Specifically, it's over the cars you chose not to buy in 2013. Last year, you went with the safe, boring choices you always go with. The Honda Accord. The Toyota Corolla. The Honda CR-V. The Ford F-150, although that last one is understandable because at least some of you might have a job that necessitates an actual truck, or you pretend to because you live in a nice suburb of Dallas and you need to fit in with the other rich pretend cowboys.
Let me first address who my latest beef is with. It's not really your average Jalopnik reader, who might have bought a BRZ or a Mustang or something crazy and ill-advised like a rusted-out Porsche 944 Turbo last year. It's aimed at the rest of mainstream America, whose conformity-obsessed, Consumer Reports-worshipping fervor caused them to buy the same cars as all the other drones.
In that fervor, America, you ignored some pretty amazing machines. And that's sad because I know you could have done better.
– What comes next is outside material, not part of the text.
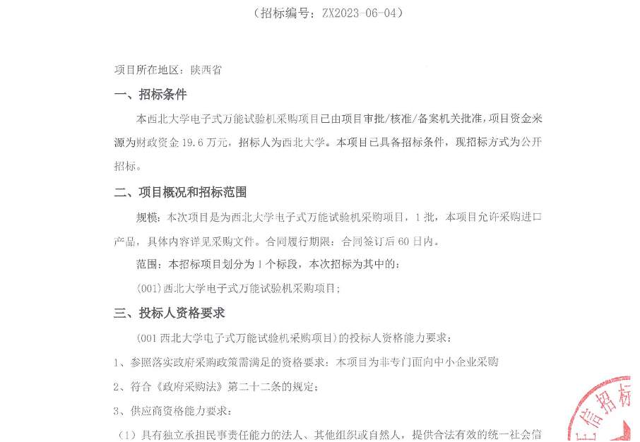 乐动网页版登录入口电子式万能试验机采购项目招标公告 作者: 编辑:采购与招标办公室 时间:2023-06-16 原公告链接:http://bulletin.sntba.com/biddingBulletin/2023-06-16/573127.html

Our pals over at Autoblog recently compiled a list of the worst-selling cars of 2013, and guess what? They're all vastly more interesting than the best-sellers. I have listed them below, and made a case for each (well, most) of them. All I know is that these cars deserve homes just as much as the legions of Camrys that were bought in their place.
Maybe even more so.
10. Cadillac Escalade EXT (1,972 sold)
I don't know why you shrugged at the thought of owning an Escalade truck, America. Maybe it's because they get stolen all the damn time. Or maybe because it's been around for more than a decade now, and everyone who wanted one has already bought one, or stolen one.
Or here's another reason: It's because you hate your own country. See, no vehicle more represents America or her values better than the Escalade. It's big, it's shiny, it's badass, it's expensive, it appears in rap videos, it's exclusive, it guzzles gasoline, and beneath its veneer of luxury, there's not really a whole lot to it. It's both awesome and terrible at the same time, and you hate it because you hate America.
Enjoy your Accord Hybrids instead, libtards.
9. Volvo S80 (1,935 sold)
Sssshhhffffwwwhat? You guys blew off the S80? Come on, you're breaking my heart over here. So what if it's almost old enough to buy cigarettes now, or that the sweet Yamaha-sourced V8 has been discontinued? This is a great luxury sedan! It even has an inline six in regular and turbo flavors. It's super safe, too.
Why would you choose to put your children in danger by not buying the S80? Monsters, all of you.
8. Volkswagen Golf R (1,598 sold)
Come on, you didn't buy the Golf R? What are you jokers doing with your lives? All we do at Jalopnik is bitch and moan about the Volkswagen Group doesn't bring their coolest cars to the U.S.
Then they go and stick their necks out for us and bring us the Golf R, and what do you do? You leave 'em high and dry, you sorry bunch of ingrates!